▶ **WORK TASK**
Reproduce all the lines below exactly and omit the images.

▶ **RECORD EXCERPTS**
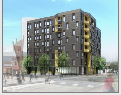
The Vanguard, 75 apartment units + retail, 8 stories

200 W Myrtle St – apartments, garage, retail
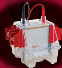
Mini Vertical Unit
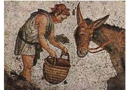
Floor mosaic of a child and a donkey (c. 5 th century)

2:30 – 5:30 p.m.: Less Frequented Sites of Istanbul: Behind the Blue Mosque: Stay in the old city after the photo hunt for lunch or join the group from the Photo Hunt for a walking tour that will take you first to the Mosaic Museum where magnificent mosaics from the Byzantine Palace can be observed. We then continue down the hill and view the support walls of the ancient hippodrome which now support modern structures. Around the corner is the exquisite Sokollu Mehmet Paşa Mosque, which in the opinion of many art historians is the masterpiece of the great architect Sinan. We then continue to visit the sixth century church of Sergius and Bacchus, the plan of which has been the inspiration for San Vitale in Ravenna, Italy. We return to the palace along the waterfront remains of the Byzantine Palace. ($55 per person/minimum of 10 people)
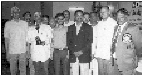
Ruia Trophy Winner - Railway 'A' Team
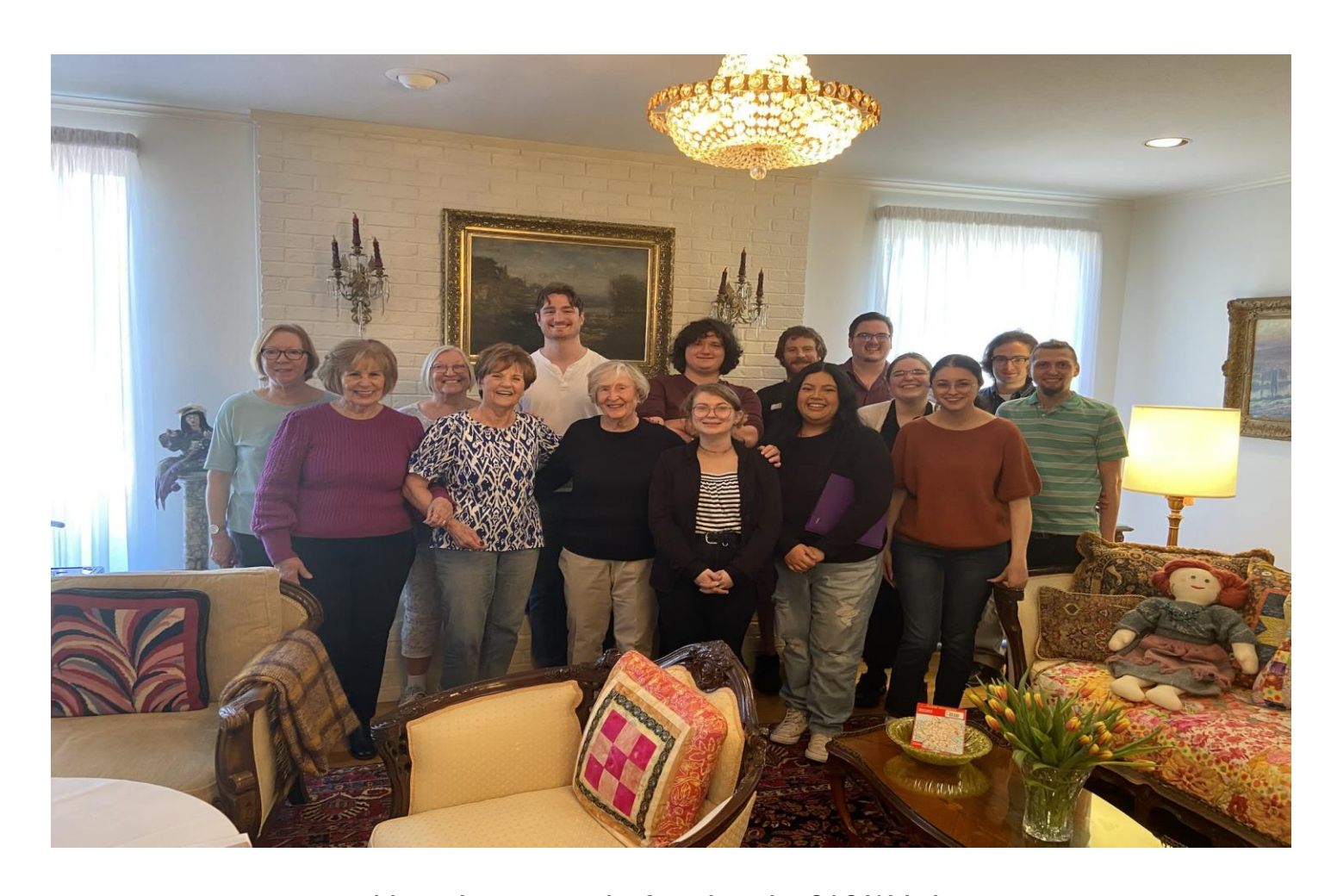
More pictures can be found on the GAC Website: https://gacofdallas.com/

I am grateful for having had an opportunity to facilitate such an impactful learning-experience, which provided my students with plenty of opportunities for hands-on-learning and skills development. Leadership, research, teamwork, intercultural and intergenerational communication skills come to mind. I am grateful for the trust placed in the students and myself. My hope is that many more joint projects will follow. Together, we can make the German element in Texas better known and keep it alive.

▶ **ANSWER TO THE PROBLEM**
The Vanguard, 75 apartment units + retail, 8 stories

200 W Myrtle St – apartments, garage, retail
Mini Vertical Unit
Floor mosaic of a child and a donkey (c. 5 th century)

2:30 – 5:30 p.m.: Less Frequented Sites of Istanbul: Behind the Blue Mosque: Stay in the old city after the photo hunt for lunch or join the group from the Photo Hunt for a walking tour that will take you first to the Mosaic Museum where magnificent mosaics from the Byzantine Palace can be observed. We then continue down the hill and view the support walls of the ancient hippodrome which now support modern structures. Around the corner is the exquisite Sokollu Mehmet Paşa Mosque, which in the opinion of many art historians is the masterpiece of the great architect Sinan. We then continue to visit the sixth century church of Sergius and Bacchus, the plan of which has been the inspiration for San Vitale in Ravenna, Italy. We return to the palace along the waterfront remains of the Byzantine Palace. ($55 per person/minimum of 10 people)
Ruia Trophy Winner - Railway 'A' Team
More pictures can be found on the GAC Website: https://gacofdallas.com/

I am grateful for having had an opportunity to facilitate such an impactful learning-experience, which provided my students with plenty of opportunities for hands-on-learning and skills development. Leadership, research, teamwork, intercultural and intergenerational communication skills come to mind. I am grateful for the trust placed in the students and myself. My hope is that many more joint projects will follow. Together, we can make the German element in Texas better known and keep it alive.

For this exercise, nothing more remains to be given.